On Tuesday, November 15, 2005 08:55:56 PM -0500 Ron Croonenberg <[EMAIL PROTECTED]> wrote:
Well i have OpenAFS working on OpenSI for a while now. Things seem to work pretty stable, however we needed a "hack" in some SSI filesystem handling when a process migrates to another clusternode. We think we have a good solution for it instead of just a hack. the question is, does AFS have a unique major number ?

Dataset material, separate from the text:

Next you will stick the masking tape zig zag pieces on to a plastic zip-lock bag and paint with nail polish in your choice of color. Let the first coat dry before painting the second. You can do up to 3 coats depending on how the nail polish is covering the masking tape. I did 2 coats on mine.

Actually, the question you're trying to ask is whether AFS has a reserved major number, such that the device number of a mounted AFS filesystem will be consistent across all systems. The answer is that it does not. In Linux, filesystems which have no physical device backing them are attached to an unnamed device with a device number allocated by the kernel. This number will be distinct from any other block device number in use in the system, but it will not be consistent from one system to the next, or even from one boot to the next.

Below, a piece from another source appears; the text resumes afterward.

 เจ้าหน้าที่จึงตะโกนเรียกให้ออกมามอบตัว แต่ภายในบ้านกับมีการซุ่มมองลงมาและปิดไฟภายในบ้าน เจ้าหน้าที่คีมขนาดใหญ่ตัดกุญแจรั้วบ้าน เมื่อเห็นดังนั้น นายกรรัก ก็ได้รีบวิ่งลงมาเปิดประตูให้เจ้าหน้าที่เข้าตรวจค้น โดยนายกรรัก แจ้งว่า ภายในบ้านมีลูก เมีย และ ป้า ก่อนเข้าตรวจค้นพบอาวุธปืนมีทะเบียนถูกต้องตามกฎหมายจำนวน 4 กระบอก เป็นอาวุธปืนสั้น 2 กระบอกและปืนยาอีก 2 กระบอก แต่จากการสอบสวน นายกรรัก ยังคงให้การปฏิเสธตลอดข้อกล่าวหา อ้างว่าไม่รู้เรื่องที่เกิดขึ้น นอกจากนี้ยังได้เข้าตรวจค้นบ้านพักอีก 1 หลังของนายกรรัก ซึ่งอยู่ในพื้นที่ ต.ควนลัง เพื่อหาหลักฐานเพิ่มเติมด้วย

if (S_ISAFS(inode->i_mode)) { if ((inode->i_ino == path->ino && inode->i_generation == path->generation && par_mount(inode->i_sb->s_ssidev, path->ssidev))) return 1; }
If you are in user mode, the correct way to determine whether two paths represent the same AFS file is to use the VIOCGETFID pioctl to obtain the FID's for each file, and compare them. If the file is not in AFS, the pioctl will fail with EINVAL. Note that while there is no interface to obtain the FID of an open file descriptor, in Linux you can cheat by calling the pioctl on /proc/self/fd/N
If you are in kernel mode, you will need access to macros and private data structures belonging to the cache manager in order to determine whether a vnode belongs to AFS and safely extract its FID.